§ **Extracted entries**
--- START ---

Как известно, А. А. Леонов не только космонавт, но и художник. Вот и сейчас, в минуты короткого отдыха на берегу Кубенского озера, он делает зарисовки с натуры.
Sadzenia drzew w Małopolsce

--- END ---
--- START ---

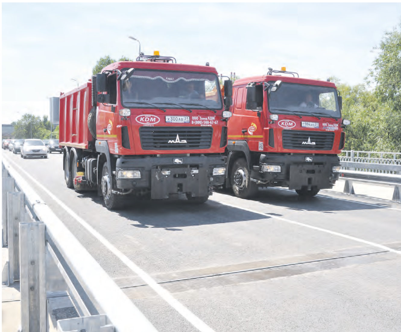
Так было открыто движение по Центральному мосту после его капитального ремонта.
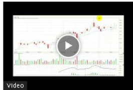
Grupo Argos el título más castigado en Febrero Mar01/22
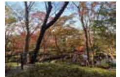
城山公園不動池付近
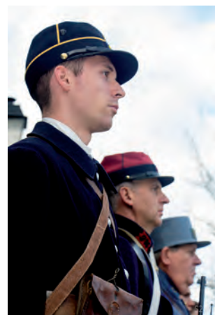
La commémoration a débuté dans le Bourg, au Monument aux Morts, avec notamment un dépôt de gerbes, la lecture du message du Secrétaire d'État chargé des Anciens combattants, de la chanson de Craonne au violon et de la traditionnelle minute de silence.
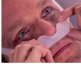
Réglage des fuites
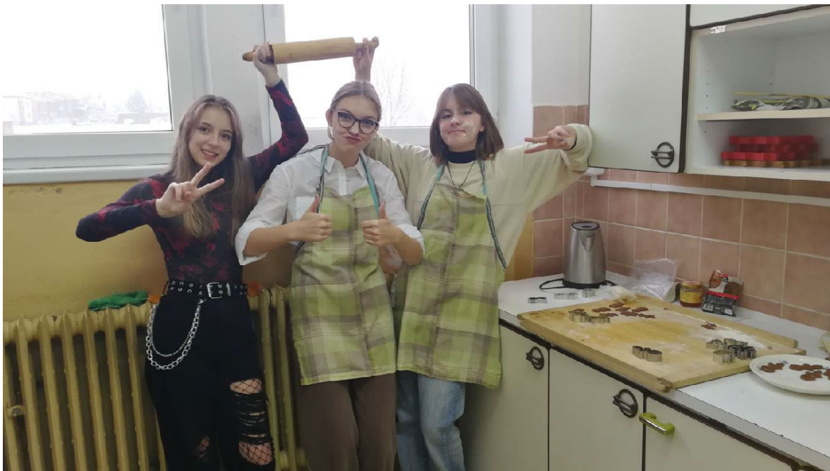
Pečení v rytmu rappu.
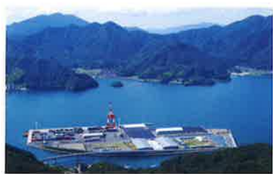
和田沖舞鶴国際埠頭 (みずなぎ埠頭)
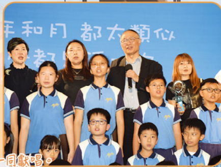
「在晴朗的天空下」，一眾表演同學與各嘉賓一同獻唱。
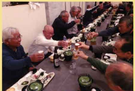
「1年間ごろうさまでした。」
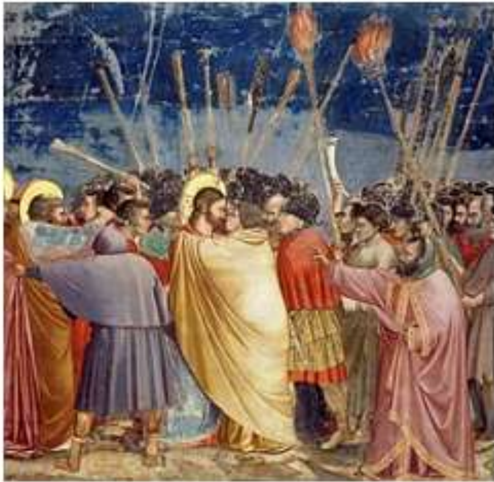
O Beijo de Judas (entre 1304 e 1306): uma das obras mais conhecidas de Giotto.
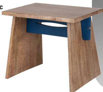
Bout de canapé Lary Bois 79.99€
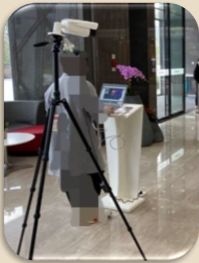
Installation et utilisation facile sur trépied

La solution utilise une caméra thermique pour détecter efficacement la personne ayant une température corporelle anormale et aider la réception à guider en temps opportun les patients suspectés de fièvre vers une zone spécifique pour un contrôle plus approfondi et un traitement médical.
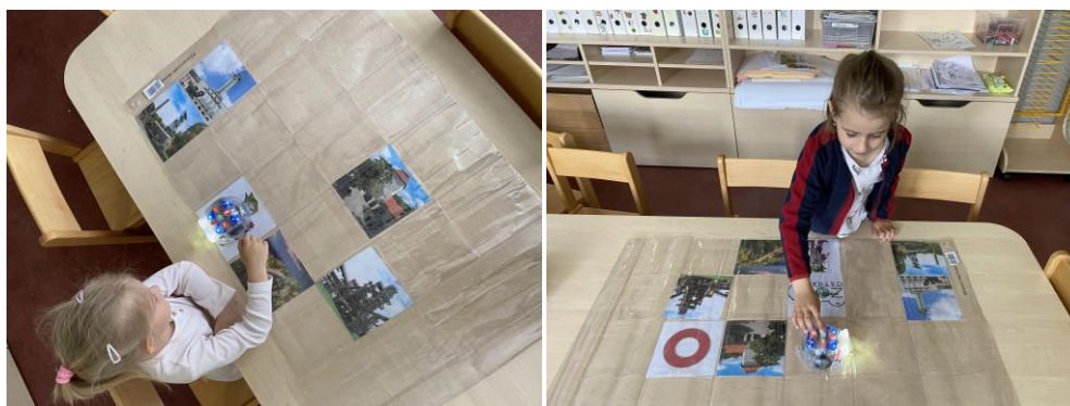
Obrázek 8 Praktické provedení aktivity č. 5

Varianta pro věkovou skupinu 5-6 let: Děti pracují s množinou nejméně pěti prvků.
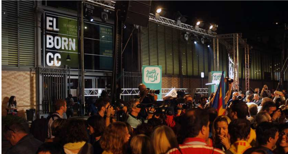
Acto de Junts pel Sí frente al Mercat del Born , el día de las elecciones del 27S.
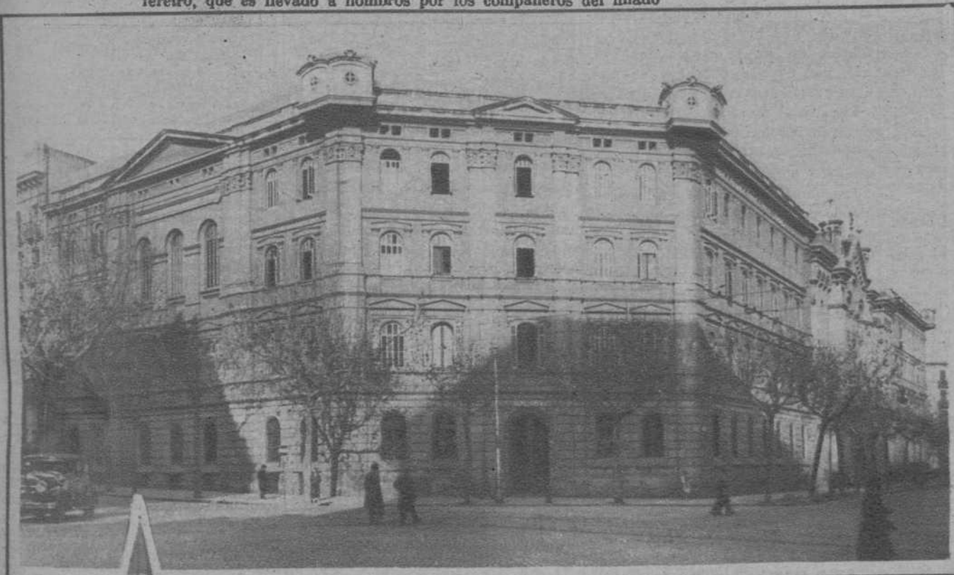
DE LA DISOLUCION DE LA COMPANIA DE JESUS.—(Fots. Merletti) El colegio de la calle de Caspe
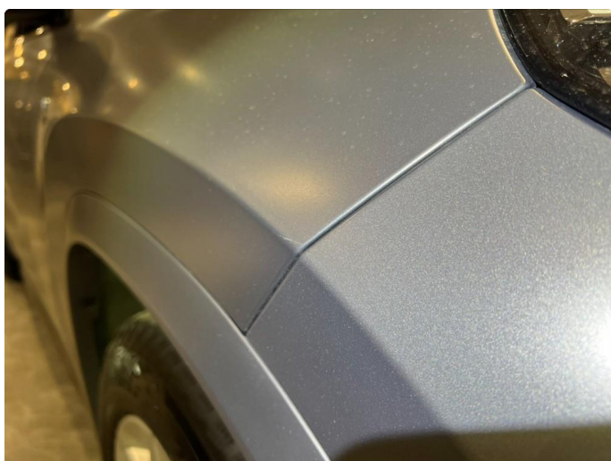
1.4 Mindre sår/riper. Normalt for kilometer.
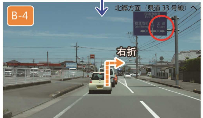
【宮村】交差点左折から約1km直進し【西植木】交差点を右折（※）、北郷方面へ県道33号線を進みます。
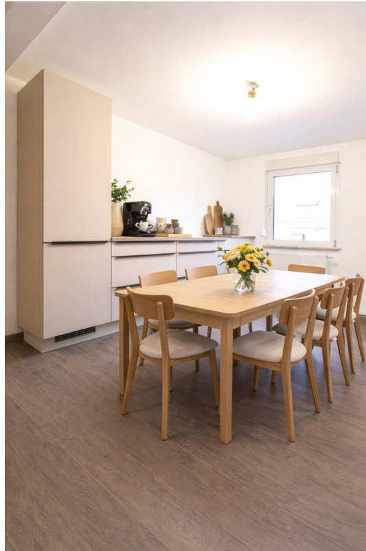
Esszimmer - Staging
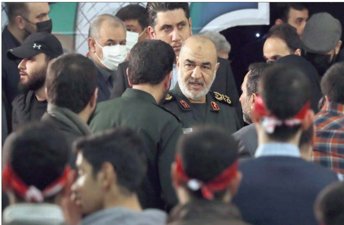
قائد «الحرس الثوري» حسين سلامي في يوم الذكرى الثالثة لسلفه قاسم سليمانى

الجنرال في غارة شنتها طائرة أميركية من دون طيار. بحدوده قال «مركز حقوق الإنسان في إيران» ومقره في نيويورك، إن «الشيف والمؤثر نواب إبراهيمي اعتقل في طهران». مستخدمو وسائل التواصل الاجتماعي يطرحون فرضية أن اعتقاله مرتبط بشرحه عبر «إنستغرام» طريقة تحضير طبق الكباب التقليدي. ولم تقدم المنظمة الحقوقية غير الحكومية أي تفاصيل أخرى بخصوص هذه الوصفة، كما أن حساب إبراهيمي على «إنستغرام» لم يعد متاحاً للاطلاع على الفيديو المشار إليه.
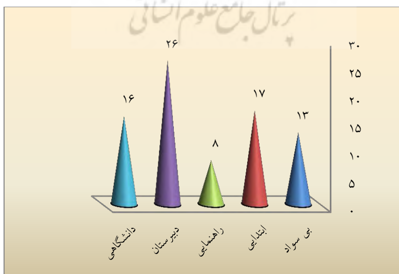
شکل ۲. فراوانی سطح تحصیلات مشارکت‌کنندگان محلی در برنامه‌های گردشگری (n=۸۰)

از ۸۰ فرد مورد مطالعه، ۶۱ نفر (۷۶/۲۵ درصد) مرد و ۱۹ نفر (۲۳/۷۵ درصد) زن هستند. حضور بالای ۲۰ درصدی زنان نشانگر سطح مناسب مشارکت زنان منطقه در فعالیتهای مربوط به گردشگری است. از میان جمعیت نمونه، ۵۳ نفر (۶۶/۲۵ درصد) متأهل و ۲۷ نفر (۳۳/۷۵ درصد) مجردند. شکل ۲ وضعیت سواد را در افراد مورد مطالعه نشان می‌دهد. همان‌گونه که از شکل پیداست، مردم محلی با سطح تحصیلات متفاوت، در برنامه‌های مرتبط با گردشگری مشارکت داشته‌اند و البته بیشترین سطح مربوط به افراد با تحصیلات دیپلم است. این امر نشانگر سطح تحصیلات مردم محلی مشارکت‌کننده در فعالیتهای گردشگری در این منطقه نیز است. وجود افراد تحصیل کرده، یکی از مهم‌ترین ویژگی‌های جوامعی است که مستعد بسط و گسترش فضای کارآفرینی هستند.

--- END ---

§ **What you will do**
Using the data above, retype exactly and only the lines from the one containing "1.4 Mindre sår/riper. Normalt for kilometer." up to and including the one containing "از ۸۰ فرد مورد", with no pictures carried over.

§ **Answer box**
1.4 Mindre sår/riper. Normalt for kilometer.
【宮村】交差点左折から約1km直進し【西植木】交差点を右折（※）、北郷方面へ県道33号線を進みます。
Esszimmer - Staging
قائد «الحرس الثوري» حسين سلامي في يوم الذكرى الثالثة لسلفه قاسم سليمانى

الجنرال في غارة شنتها طائرة أميركية من دون طيار. بحدوده قال «مركز حقوق الإنسان في إيران» ومقره في نيويورك، إن «الشيف والمؤثر نواب إبراهيمي اعتقل في طهران». مستخدمو وسائل التواصل الاجتماعي يطرحون فرضية أن اعتقاله مرتبط بشرحه عبر «إنستغرام» طريقة تحضير طبق الكباب التقليدي. ولم تقدم المنظمة الحقوقية غير الحكومية أي تفاصيل أخرى بخصوص هذه الوصفة، كما أن حساب إبراهيمي على «إنستغرام» لم يعد متاحاً للاطلاع على الفيديو المشار إليه.
شکل ۲. فراوانی سطح تحصیلات مشارکت‌کنندگان محلی در برنامه‌های گردشگری (n=۸۰)

از ۸۰ فرد مورد مطالعه، ۶۱ نفر (۷۶/۲۵ درصد) مرد و ۱۹ نفر (۲۳/۷۵ درصد) زن هستند. حضور بالای ۲۰ درصدی زنان نشانگر سطح مناسب مشارکت زنان منطقه در فعالیتهای مربوط به گردشگری است. از میان جمعیت نمونه، ۵۳ نفر (۶۶/۲۵ درصد) متأهل و ۲۷ نفر (۳۳/۷۵ درصد) مجردند. شکل ۲ وضعیت سواد را در افراد مورد مطالعه نشان می‌دهد. همان‌گونه که از شکل پیداست، مردم محلی با سطح تحصیلات متفاوت، در برنامه‌های مرتبط با گردشگری مشارکت داشته‌اند و البته بیشترین سطح مربوط به افراد با تحصیلات دیپلم است. این امر نشانگر سطح تحصیلات مردم محلی مشارکت‌کننده در فعالیتهای گردشگری در این منطقه نیز است. وجود افراد تحصیل کرده، یکی از مهم‌ترین ویژگی‌های جوامعی است که مستعد بسط و گسترش فضای کارآفرینی هستند.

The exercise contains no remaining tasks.